Origin story: Gnanasara says he began his monastic living in cave-like dwellings in dry tropical forests. In Colombo, a very different story about Gnanasara’s past has circulated.

How long will it take to read: 12 minutes.

3. How a WhatsApp saga spiralled into two parents’ wrongful arrest

Maxie Allen and Rosalind Levine questioned the governance of their child’s school in a school WhatsApp group they set up and on social media. The school, north-west of London, was bombarded with derogatory social posts and complained to police. Six uniformed officers turned up on the couple’s doorstep, sparking a global conversation that even Elon Musk weighed in on.

Alexandra Topping catches up with some of the WhatsApp group’s members, for whom the controversy is still so fresh they agreed to speak only under a pseudonym.

***

“You’re looking at other people, like, was it her? Who’s screenshotting our messages? And that itself was awful.” – Sarah (not her real name)

How long will it take to read: Four minutes.

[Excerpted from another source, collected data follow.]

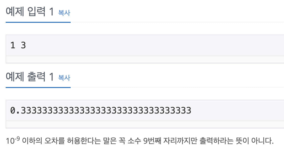 라는 조건이 있다. 실제로 float를 10자리까지 늘려보면 0.3333334333로 출력되므로, 10^-7에서 오차가 발생한다. 즉, 문제의 취지에 옳지 않다. 따라서 double 자료형을 사용한다.
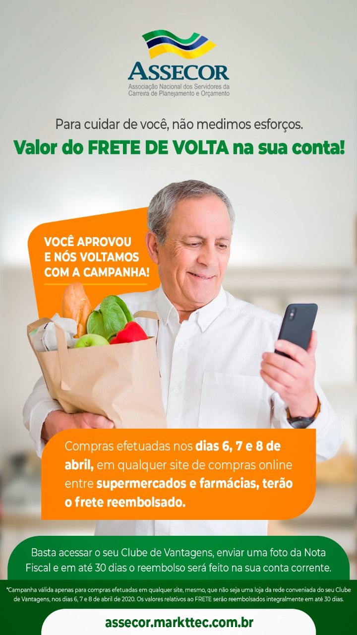 Nesse momento delicado, em que a orientação é ficar em casa por conta do risco de transmissão do Coronavírus (COVID-19), a Assecor tem + Vantagens disponibiliza aos seus filiados uma promoção que facilita no comprimento da medida. Compras efetuadas a partir de hoje (6), até quinta-feira (8), em qualquer site de compras online entre supermercados e farmácias, terão o frete reembolsado.
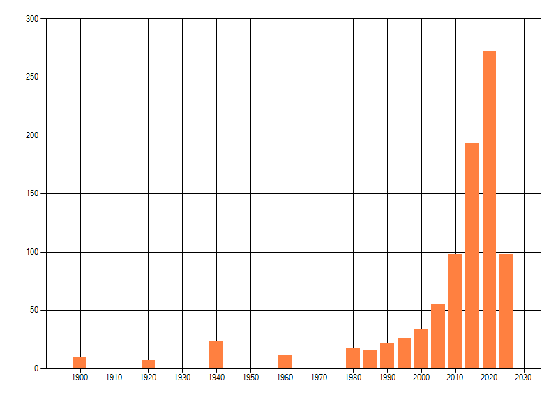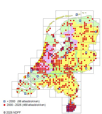 Het aantal atlasblokken (5x5 km) waarin de soort is gemeld binnen een periode van vijf jaar (vanaf 1980) of twintig jaar. Niet gecorrigeerd voor waarnemersinspanning en het aantal doorgegeven waarnemingen kan sterk variëren per periode, dus een trend in verspreiding kan hier niet direct uit worden afgelezen. Het opgegeven jaartal is het eerste jaar van de periode. Bron: gevalideerde waarnemingen uit de NDFF.
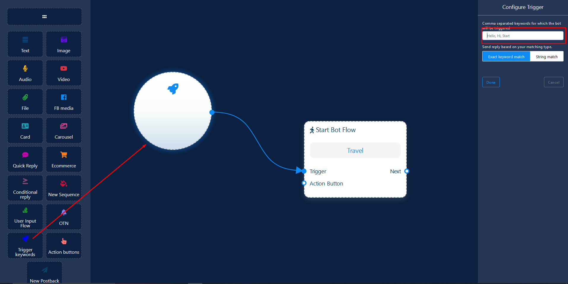 Now drag the trigger keywords element and drop it on the editor. Now double-click on the component and a sidebar called configure Trigger will appear. In the field, you have to provide comma-separated keywords. When a user writes one of the keywords, the bot will start. Also, you can select a matching type – Exact keyword match and String match. Then click on the Done button. And the keywords will appear on the component.
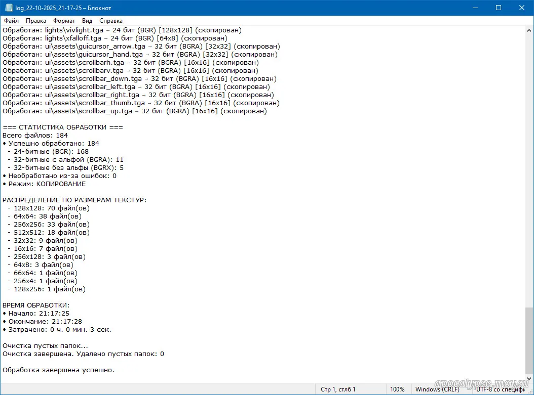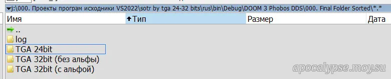 - Автоматическая сортировка TGA-файлов по битности и наличию альфа-канала.
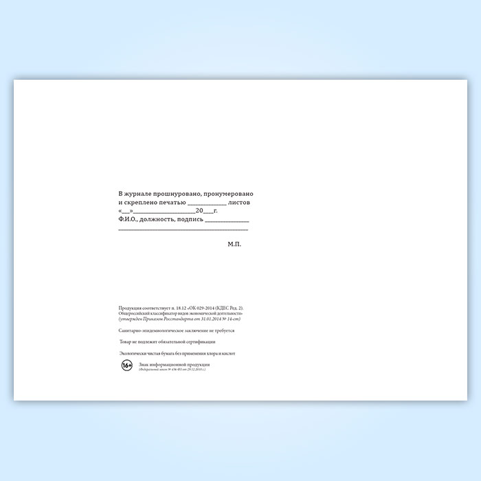 Вы получаете печатную продукцию прошнурованной и c местом для вашей печати в соответствии с действующими нормативными документами:
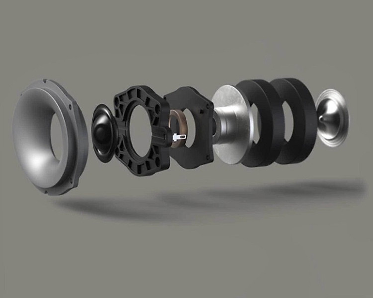 Trong khi đấy, loa woofer đảm nhiệm dải trầm với màng loa bột giấy kết hợp nhôm cho âm trầm rất tự nhiên, giảm độ méo tiếng, tăng khả năng chịu cường độ hoạt động. Màng loa giấy dập nổi với chi tiết hình cây búa  làm tăng độ cứng để cải thiện phản ứng nhất thời cho âm trầm mạnh mẽ nhưng tự nhiên.
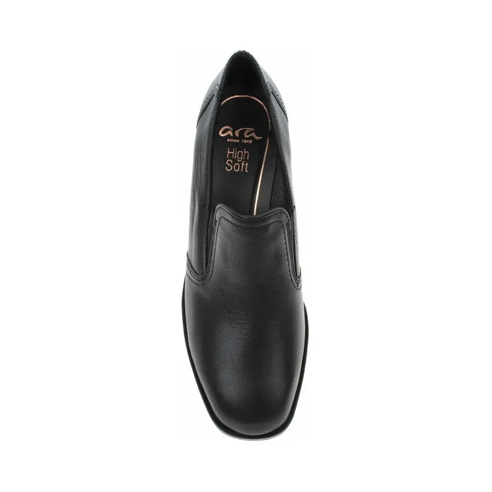 Elegantní dámské lodičky Ara Brighton v černé barvě z měkké hladké kůže nabízejí komfort i styl v jednom. Díky technologii HighSoft® poskytují měkký došlap, výbornou flexibilitu a celodenní pohodlí. Stabilní širší podpatek dodává botě elegantní vzhled i jistotu při chůzi.
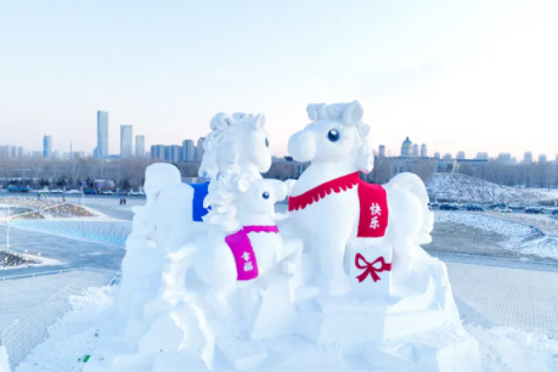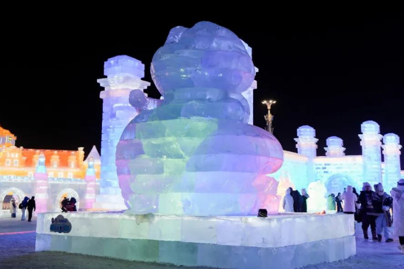 今年冬天,第二十七届哈尔滨冰雪大世界打造了十二生肖冰雕景观群,一个个Q萌可爱的生肖冰雕活泼可爱、充满童趣,吸引了众多游客合照打卡。
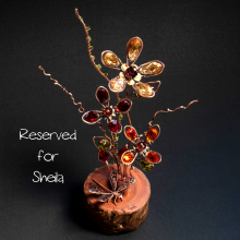 RESERVED FOR SHEILA .... FLOWERS & A DRAGONFLY ON A WOOD SLICE ... WINDOWSILL SUNCATCHER .... IKEBANA STYLE
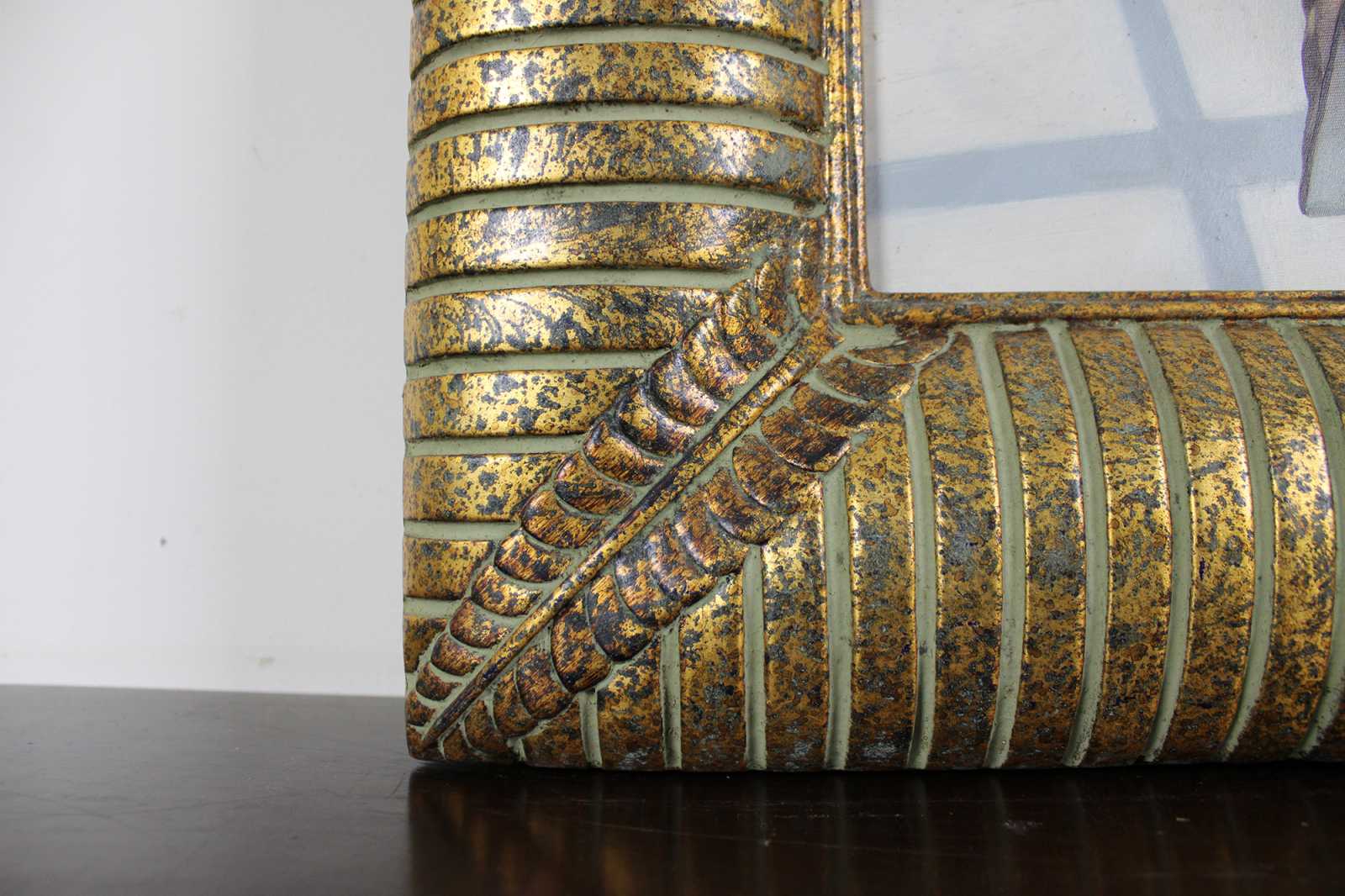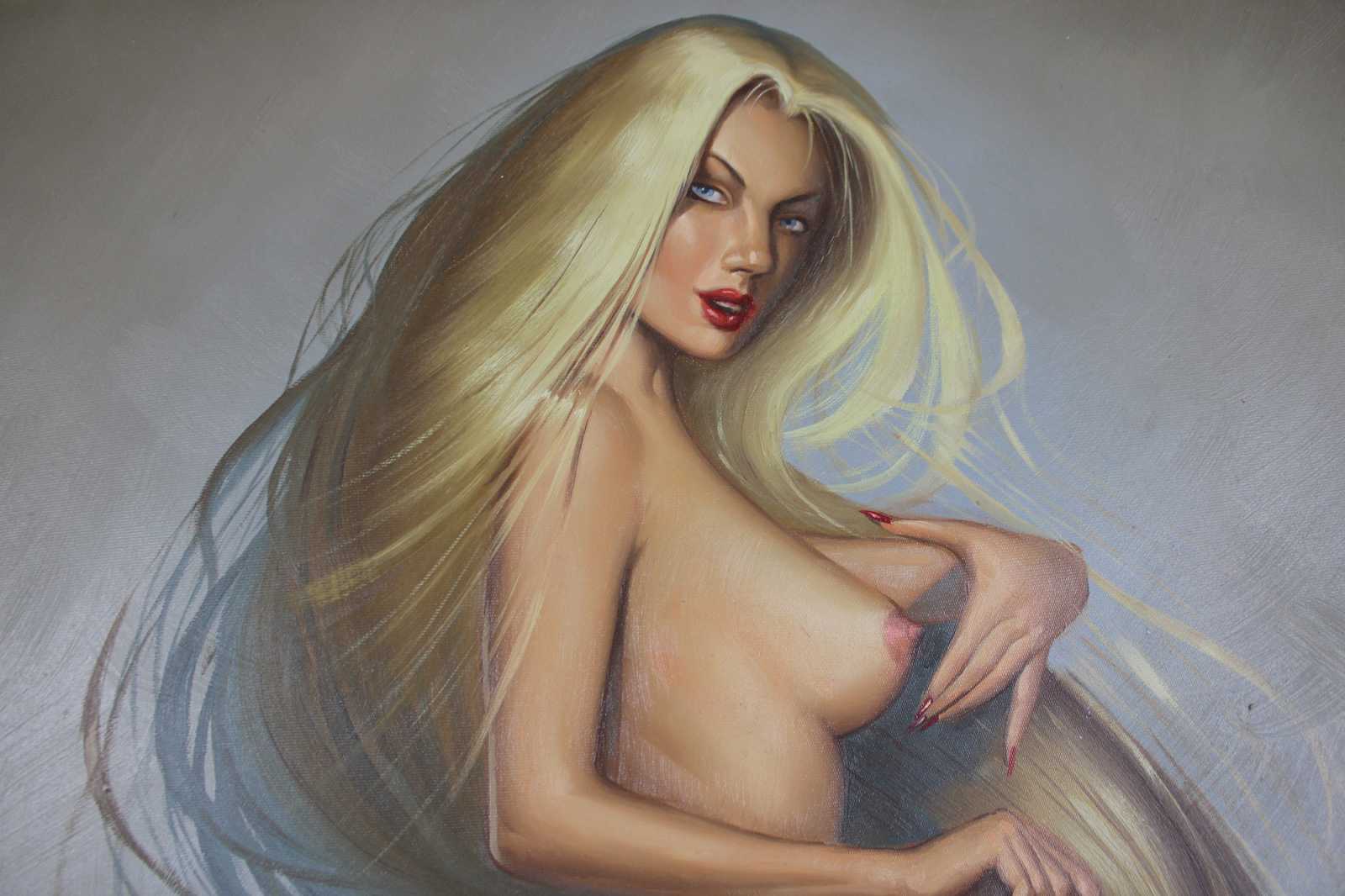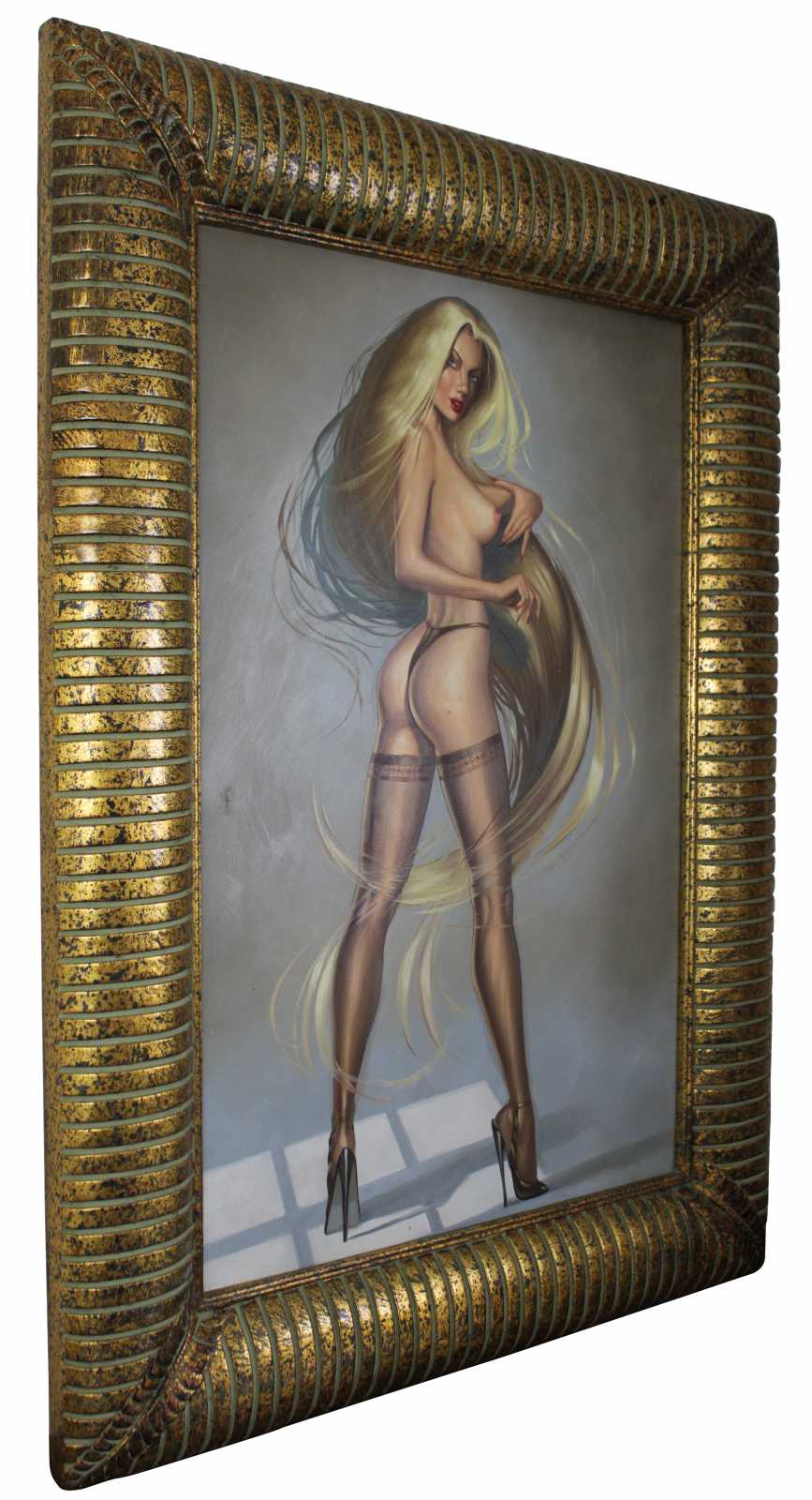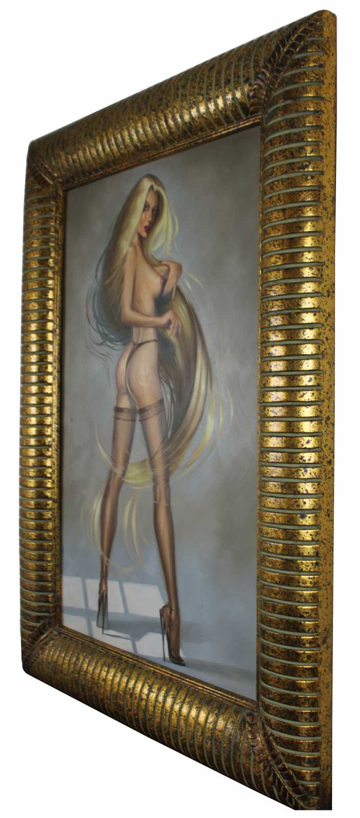 20th century erotic woman oil painting. Features a blonde woman with long flowing hair, dressed in lingerie and high heels. Framed in gold. Unsigned.
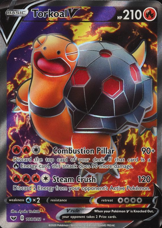 The Torkoal V 2020 Sword & Shield #188/202 Holo (Full Art) card in Raw TCG (Near Mint) condition has moved down -$5.30 (-66.3%) in the last 30 days and was last sold for $2.69 .
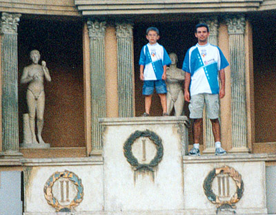 "MurcianoSBD" Y "MurcianitoSBD" PASEANDO LA "ARLEQUINADA" POR EL MISMISIMO OLIMPO DE LOS DIOSES. "La foto esta hecha en Terra Mitica - Benidorm (no hay presupuesto para viajes mas largos como por ejem. Manelinho, jeje), pero no fue problema para lucir tanto mi sobrino, que no vive en Sabadell, como yo la camiseta que mostramos con tanto orgullo. " |
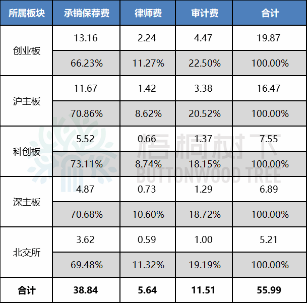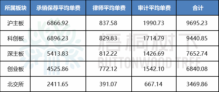 承销保荐费平均单费最高的板块为科创板,6896.23万元,最低为北交所,平均单费2411.65万元;律师费平均单费最高的板块为沪主板,837.58万元,最低为北交所,平均单费391.07 万元;审计费平均单费最高的板块为沪主板,1990.73万元,最低为北交所,平均单费667.14万元。

Further reading: Sean Szeps on the hell that is a parents WhatsApp group.

4. Why the body’s ‘internal wetsuit’ matters

Desk jockeys, there’s a reason your body doesn’t move as fluidly as you like when you try to exercise – your fascia has tightened. Is there a way to use the continuous, all-encompassing network that wraps around and connects everything in the body to our advantage? Joel Snape asks the experts.

What it looks like: If you’ve ever carved a joint of meat, it’s the thin, silvery layer wrapped around the muscle.

How long will it take to read: Three minutes.

5. The ‘four narratives’ theory of the Fab Four

Another year, another remastered treasure from the Beatles’ archives. This time it’s The Beatles Anthology documentary from 1995 getting the spit and polish treatment. Why are we still picking over the entrails of a band that broke up 55 years ago? Stuart Maconie investigates the celebrated “four narratives” theory that has kept them relevant.

The ultimate chronicler? Mark Lewisohn, who since the 1980s has been combing through the vaults so studiously that the fourth narrative takes his name, is working on part two of a three-volume biography. His mission, while some of the players are still alive: “To get at the truth if I can and let the rest fall away.”

Further reading: Stuart Heritage is full of superlatives for the remastered series. Alexis Petridis reckons the “new episode” is evidence the cupboard is bare.